AHead Solutions is a graduate of our AC JumpStart and Accelerator Programs. Koch said that once they got in the door, they quickly realized the impact the Accelerator Centre and our mentors would make.
“It answers more than just how to build a business. I remember talking to Ellyn Winters-Robinson (marketing mentor) and we learned about how marketing can bring people to us instead of just outbound emails and calls. We also refined our demo and our sales process,” Koch said.
After graduating from the Accelerator Program in October 2021, AHead Solutions is focused on scaling its business. Koch said they have received increased interest from clinics as changes to market regulations are changing to allow over the counter and online purchases of hearing aid devices.
“How does that model change? Is there an opportunity for us to not just help train the clinician, but also educate the patient about their hearing loss journey in general,” Koch said.
Warby Parker and similar startups have changed the way people purchase prescription eyewear—a change that could come to the hearing aid market too. One of the major roadblocks is the need to have hearing aids be fitted to a patient. It’s a problem that Koch and the AHead Solutions team are looking into.

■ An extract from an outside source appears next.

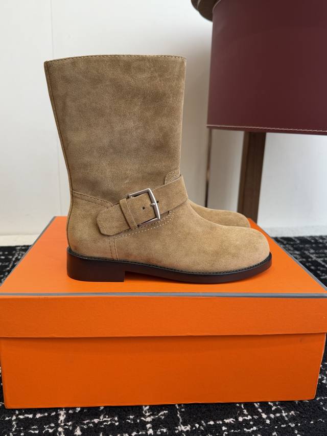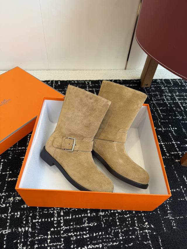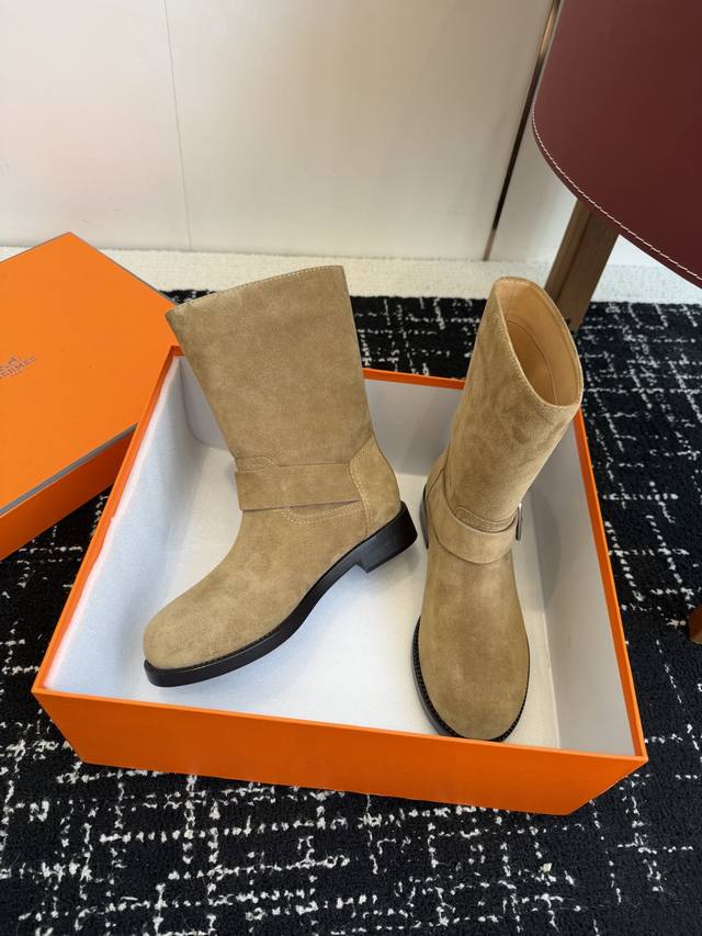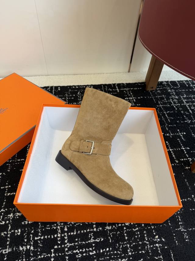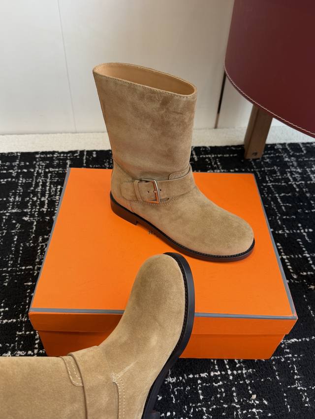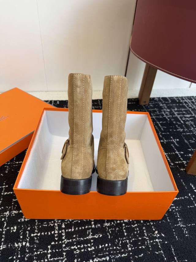 Retail-grade DDD Hermes Fall/Winter Latest Vintage Style Slip-on Ankle Boots DDD Extremely Hard to Find in Boutiques. Hermes boots are usually designed with a classic and simple style. These runway boots break away from traditional design styles. The round toe design, combined with the most popular shape, showcases a noble and elegant quality. The fashionable lines are smooth and natural, elegantly wrapping the leg lines and showing off a slender leg silhouette. They look great with both skirts and trousers. DDD Upper: Custom calfskin lining; Insole: Cowhide; Heel height: 3cm; Italian genuine leather outsole. DDD Size: 35-41; Size 40-41 is custom-made and non-refundable. DDD

“Hearing loss and hearing aids are much more complex than a prescription for your glasses. I have no doubt in my mind that it’s going to get there one day. What I really see as an interesting opportunity is how we can provide a tool for people to try hearing aids. I think there’s a lot of opportunity there,” Koch said.
As AHead Solutions continues to grow its business and team, Koch’s advice for founders is simple—you’ll never really have all the answers.
“You really have to care about what you’re building and the problem it’s solving. It takes time. It takes patience. It takes persistence to figure out what your vision really is.”